____ Entries supplied

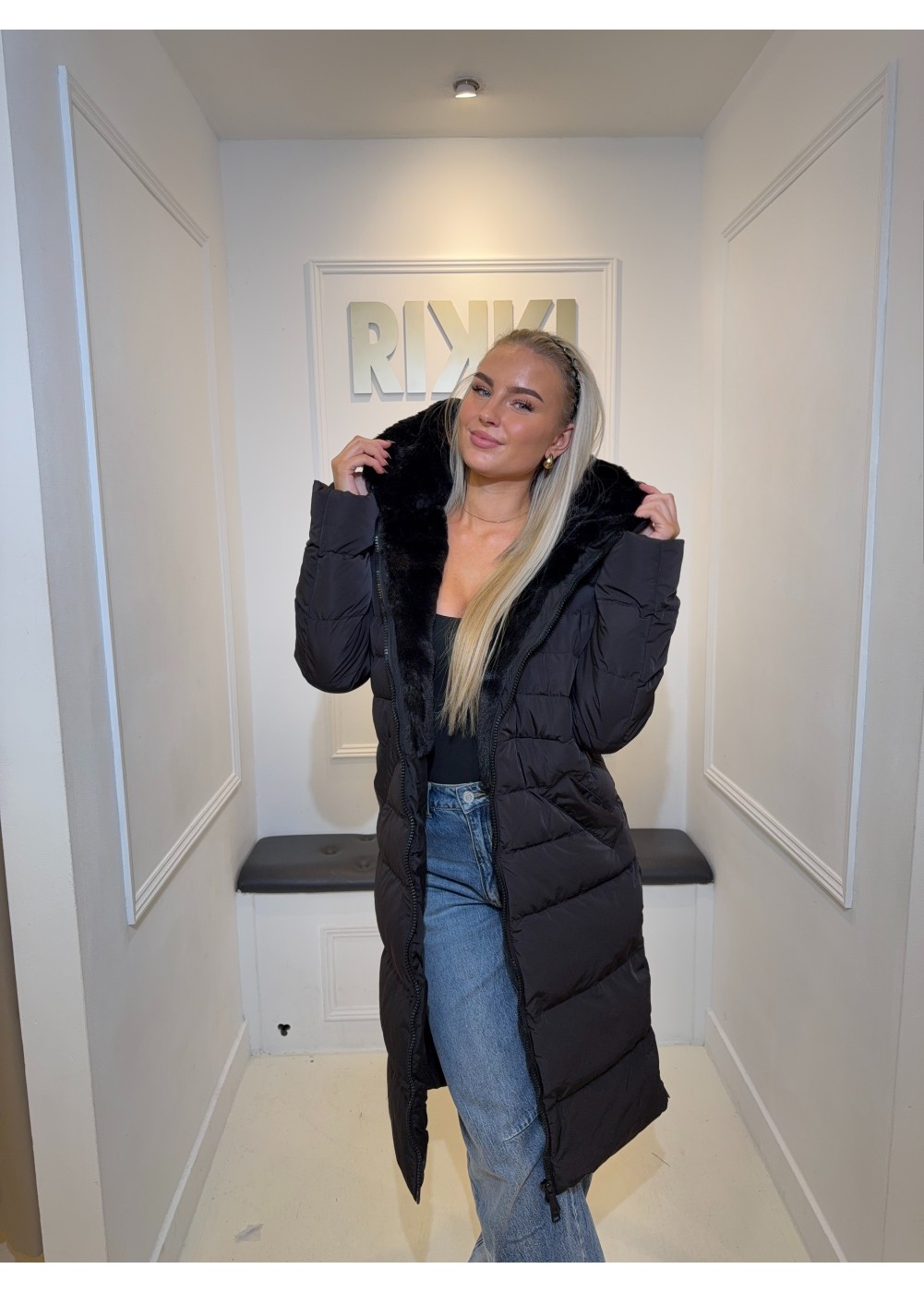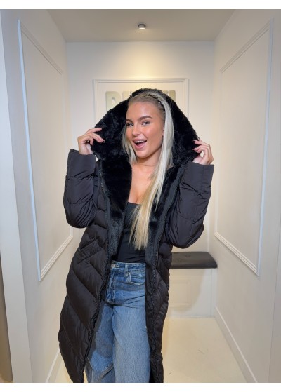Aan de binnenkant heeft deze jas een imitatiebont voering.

________
____ Entries supplied

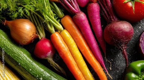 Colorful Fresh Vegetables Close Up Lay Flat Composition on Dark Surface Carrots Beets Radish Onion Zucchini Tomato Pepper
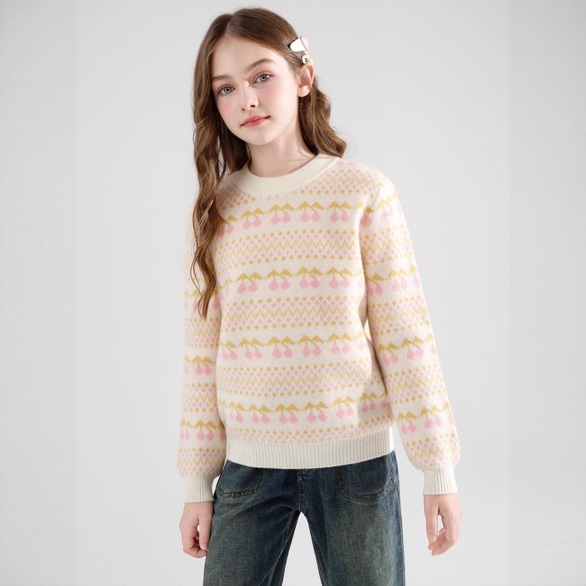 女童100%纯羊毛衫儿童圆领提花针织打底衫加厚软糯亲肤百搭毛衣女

________

- **What the task requires**: Of the lines above, copy only those from the one holding "Colorful Fresh Vegetables" to the one holding "女童100%纯羊毛衫儿童圆领提花针织打底衫加厚软糯亲肤百搭毛衣女", both included, and exclude every image.

- **Answer to the exercise**:
 Colorful Fresh Vegetables Close Up Lay Flat Composition on Dark Surface Carrots Beets Radish Onion Zucchini Tomato Pepper
 女童100%纯羊毛衫儿童圆领提花针织打底衫加厚软糯亲肤百搭毛衣女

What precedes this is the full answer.